I know what you're thinking: "Ultimate...Tag? The playground game where someone is 'it' and they try to chase down and tag the other players?" Yes, exactly. But! Much as Holey Moley (which returns this week for its second season on ABC) was introduced as "miniature golf...TO THE EXTREME!!!," Ultimate Tag is like tag, but the ultimate version of it. Get it?

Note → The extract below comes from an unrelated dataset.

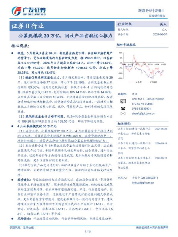 【广发证券】【20240607】公募规模破30万亿,固收产品贡献核心推力-13页 行业研究

Here's how it works. Each episode starts with six contestants. Three men and (separately) three women compete against one another for a cash prize of $10,000. But instead of having any of them tag one another, the contestants are all prey for the Taggers, who are, in the schoolyard parlance, "it." In the manner of American Gladiators, the Taggers — who've been recruited for their expertise in acrobatics, martial arts, crossfit, freerunning, and even cheerleading — have comic book-ish personas and costumes: Flame, Beach Boy, Iron Giantess, Atomic Ant, etc. (We'll see if Marvel tries to sue over Banshee.) The contestants try to elude the Taggers on a variety of different courses and game formats; the Taggers, in turn, pursue and corner the contestants in order to tag them by pulling ribbons off their uniforms, as in flag football. There are opportunities to earn points in all the various tag permutations: in Chase Tag, by outlasting the Tagger and the other contestants; in Dodge Tag (also an elimination round), by making it from one end of the course to the other and hitting what is essentially a "home free" button. In The Showdown, the final round, the contestant who makes it through the course the fastest — while also trying to avoid two Taggers, since getting tagged in this round adds seconds to your total time — wins the money.
Ultimate Tag is to be commended, first off, for its ambition. A producer on a show like this could easily have developed it as a half-hour format with a single course, and just made the contestants go through it a bunch of different times, maybe adding impediments or advantages to mix it up. But the course for each game is entirely different, making play surprisingly gripping to watch. Dome Tag is played on, you guessed it, a giant dome — but did you imagine it was suspended from the ceiling of the arena above a huge air mattress for when either the contestant or Tagger falls?! Revenge Tag sets the contestant and a Tagger loose in a maze with pillars the contestant can activate by touch: once activated, the contestant has ten seconds to go on the offensive and tag the Tagger for a bonus point. It's Pac-Man! I suppose I should also note that the show is hosted by Houston Texans star J.J. Watt and his brothers, Derek and T.J. While I generally have a dim view of athletes as entertainment personalities, the brothers Watt seem affable, are fairly comfortable on camera, and — most importantly — stay out of the way of the action.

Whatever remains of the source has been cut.